SSL_CERT_FILE is not an alternative: it's ignored on macOS. As golang/go#77865 puts it, "On darwin systems we use the platform certificate verifier, instead of the native Go one, by default". Supporting it on Darwin is an accepted proposal, so this may change in a future Go release.
Old versions of aqua
Before v2.62.0, aqua doesn't embed fallback roots, and GODEBUG=x509usefallbackroots=1 does nothing: per x509.SetFallbackRoots, "Setting x509usefallbackroots=1 without calling SetFallbackRoots has no effect".
The only remaining option is to let the sandbox reach the trust service:
{
"sandbox": {
"enableWeakerNetworkIsolation": true
}
}
This is also the option to use if you can't set GODEBUG because you rely on a custom CA.
As the name says, this weakens the sandbox. Claude Code's documentation describes it as reducing security "by opening a potential data exfiltration path": the trust service fetches OCSP/CRL data over the network without going through the sandbox's proxy, so it isn't covered by allowedDomains.
It only matters on macOS. On Linux the sandbox uses bubblewrap, and this setting does nothing.
network.allowMachLookup: ["com.apple.trustd.agent"] is equivalent. Both grant the same Mach service lookup, and allowMachLookup isn't safer just because it names the service explicitly; the trade-off is the same.

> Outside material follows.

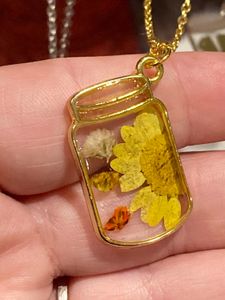 1 savesReal flower Mason jar necklaces in silver and gold.
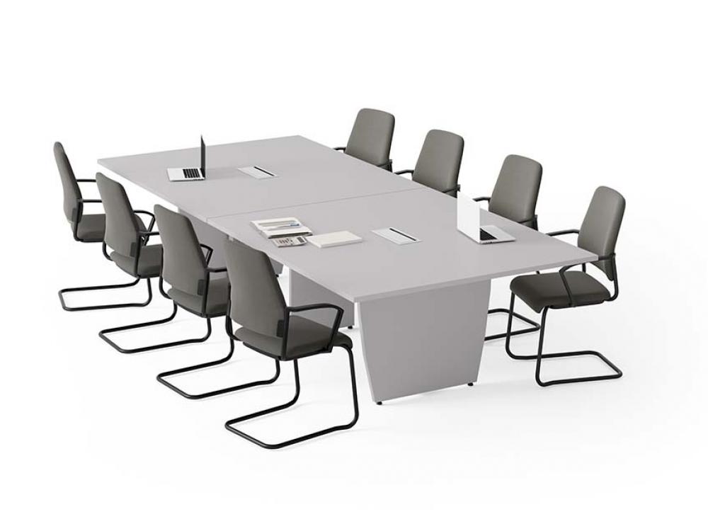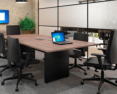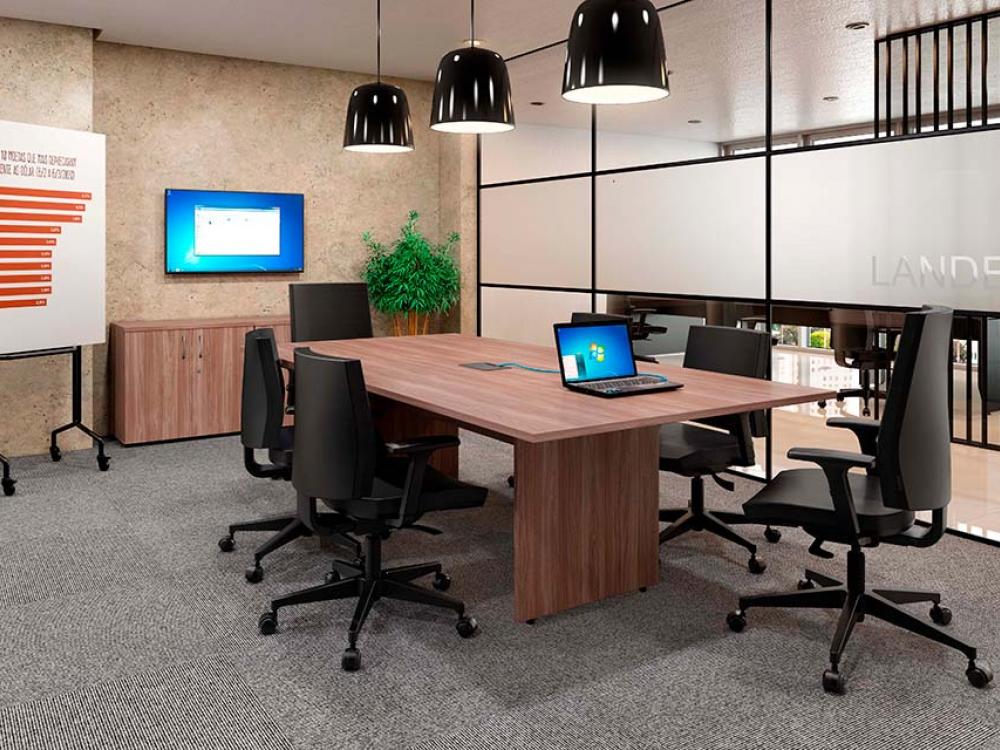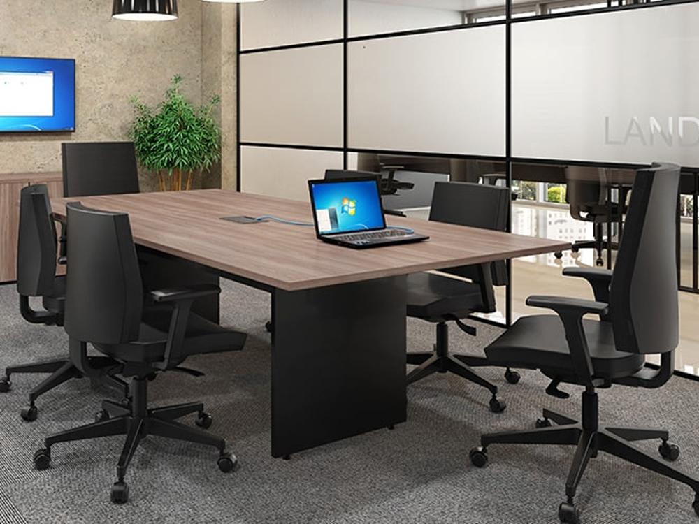 As mesas de reunião da linha Keep, totalmente produzidas em MDP, possuem formato retangular com cantos retos.

Why excludedCommands isn't enough
Claude Code's documentation recommends excludedCommands for Go-based CLIs, which runs them outside the sandbox:
{
"sandbox": {
"excludedCommands": ["aqua *"]
}
}
This works for aqua itself, but it doesn't work well for aqua specifically, for three reasons.
aqua installs packages lazily. The first time you run an installed tool, aqua-proxy downloads it. That download runs under the tool's own command name, not aqua, so aqua * doesn't cover it and it fails with the same TLS error:
$ echo 'a: 1' | yq '.a'
ERR request failed error="Get \"https://github.com/mikefarah/yq/releases/download/v4.44.3/yq_darwin_arm64\":
tls: failed to verify certificate: x509: OSStatus -26276"
The pattern is matched against the command string, and the match is easy to miss. Prefixing environment variables defeats it: AQUA_ROOT_DIR=/tmp/foo aqua i doesn't match aqua *, so it runs sandboxed and fails, while cd /tmp/foo && aqua i does match.
When it does match, it excludes more than you might expect. The exclusion applies to the whole command, so aqua i && rm -rf ~/.config runs entirely outside the sandbox, including the part that has nothing to do with aqua.
Notes
allowedDomains isn't necessarily a hard boundary. By default, when a sandboxed command reaches a host that isn't allowed, Claude Code prompts you, and approving it allows that host for the rest of the session. If you use auto mode, the classifier may approve hosts without prompting, so hosts outside allowedDomains can still be reached. To make it a hard allowlist, an administrator sets network.allowManagedDomainsOnly in managed settings.